Jean-Paul Hameury
(1931- 2009 )
J
ean-Paul Hameury fut un écrivain discret, se tenant résolument à l'écart, jusqu'à
refuser, du moins les dix dernières années de sa vie, des propositions de lecture en
public ou des participations à des émissions de radio. Il lui suffisait de travailler.
L’œuvre abondante qu'il nous laisse en témoigne. Elle se décline d'abord en une
quinzaine de recueils de poèmes et en plusieurs essais sur la peinture. Ses artistes de
prédilection se nomment Cézanne, de Staël, ainsi qu'Edward Hopper. Il n'eut de cesse
de s'interroger sur la situation de la poésie dans les temps présents. Dans un livre au
titre volontairement provocateur, L’Échec de Mallarmé, il renvoie dos à dos les
poétiques surannées et les expérimentations les plus absconses. Il plaide pour le verbe,
le dépouillement et la rébellion, opposés au verbiage, à la séduction, à l'avidité, à la
soumission grégaire. Pendre parole pour lui, c'est maintenir l'errance (titre de son
dernier recueil) afin de rendre visible ce qui est. Le monde, dit-il, n'attend rien de
nous, il se contente d'être là et c'est une erreur d'affirmer qu'il se donne à voir. Il ne se
donne ni se refuse, il est présent, simplement présent. C'est cette présence non
édulcorée par nos désirs, nos habitudes qu'il s'est continûment attaché à rendre visible.
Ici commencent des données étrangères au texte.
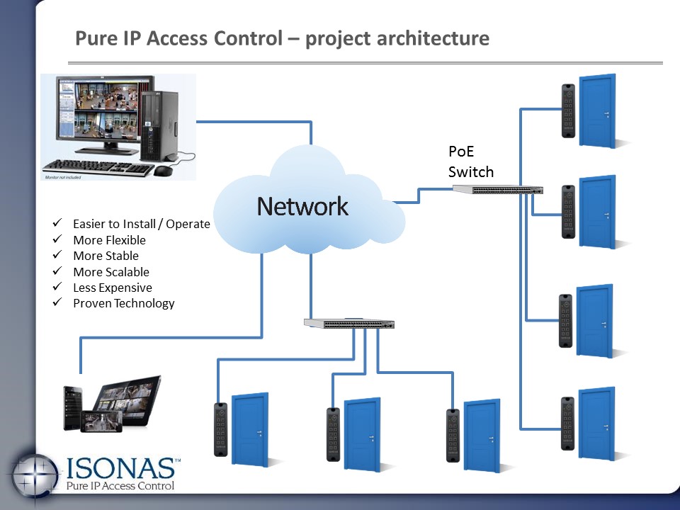 IP access control systems are now finding their way into the education market, including the Isonas pure IP access control system. The Isonas solution eliminates all dedicated wiring and control panels by moving the technology into a single 1x6-inch reader/control at the door. Power is delivered to the reader/controller and to the electric strike or mag lock via power over Ethernet (PoE). Costs are dramatically reduced because no other electricity is needed at the door; the only wiring is Cat-5 Ethernet cable. The Isonas PowerNet reader/controller has the ability to hold 64,000 credentials, 5,000 events and 32 different time schedules. A school, or an entire district, can program permissions centrally and push the data to the reader/controllers at the edge. If the network goes down, the access control system does not fail because all decision-making can be made by the reader/controller. The result is an access control system that is 30 percent less expensive, deployed more quickly, with more flexibility than traditional panel systems.

Parallèlement à cette démarche il a produit deux essais sur notre modernité : Illusions
et mensonges et Regards sur le temps présent. Rares sont les traits de nos sociétés qui
trouvent grâce à ses yeux. De la domination technicienne à l'industrialisation de la
culture, de la religion des bons sentiments à la cruauté et à la violence sous- jacentes,
sa plume d'une lucidité acérée n'a de cesse de pointer nos désastres, nos renoncements
sans pour autant rêver d'un âge révolu. Ses deux récits Macchab et L'Empire mettent
en scène des personnages parfois clownesques, toujours veilleurs, victimes mais
également témoins. « Nous avons des folies raisonnables, des désirs maîtrisés.
L'important, ici, pour tous, c'est de durer quelles que soient les infamies
quotidiennes » Les recueils de nouvelles s'inscrivent dans la même grille. N'y a-t- il
pas trop d'outrance ? C'est au lecteur de juger. Pour ma part je retiens de l’œuvre sa
forte unité qui va jusqu'à l'acharnement, pathétique presque, à ne pas s'en laisser
conter. Hameury, homme du retrait, s'applique méthodiquement à s'affronter au vide,
porté certainement par la nécessité de se défaire de tout désir comme de toute crainte.
L'ensemble des livres est publié aux éditions Folle Avoine, mais je ne saurais oublier
le recueil de poèmes Brûlant seul paru à Genève aux éditions La Dogana. Citons
également Le Gardien du Feu (prose) publié à Rennes chez Wigwam, un recueil
d'aphorismes paru aux éditions de La Feugeraie et deux recueils de poèmes – Exil et
Requiem – publiés conjointement par Yves Prié et Thierry Bouchard.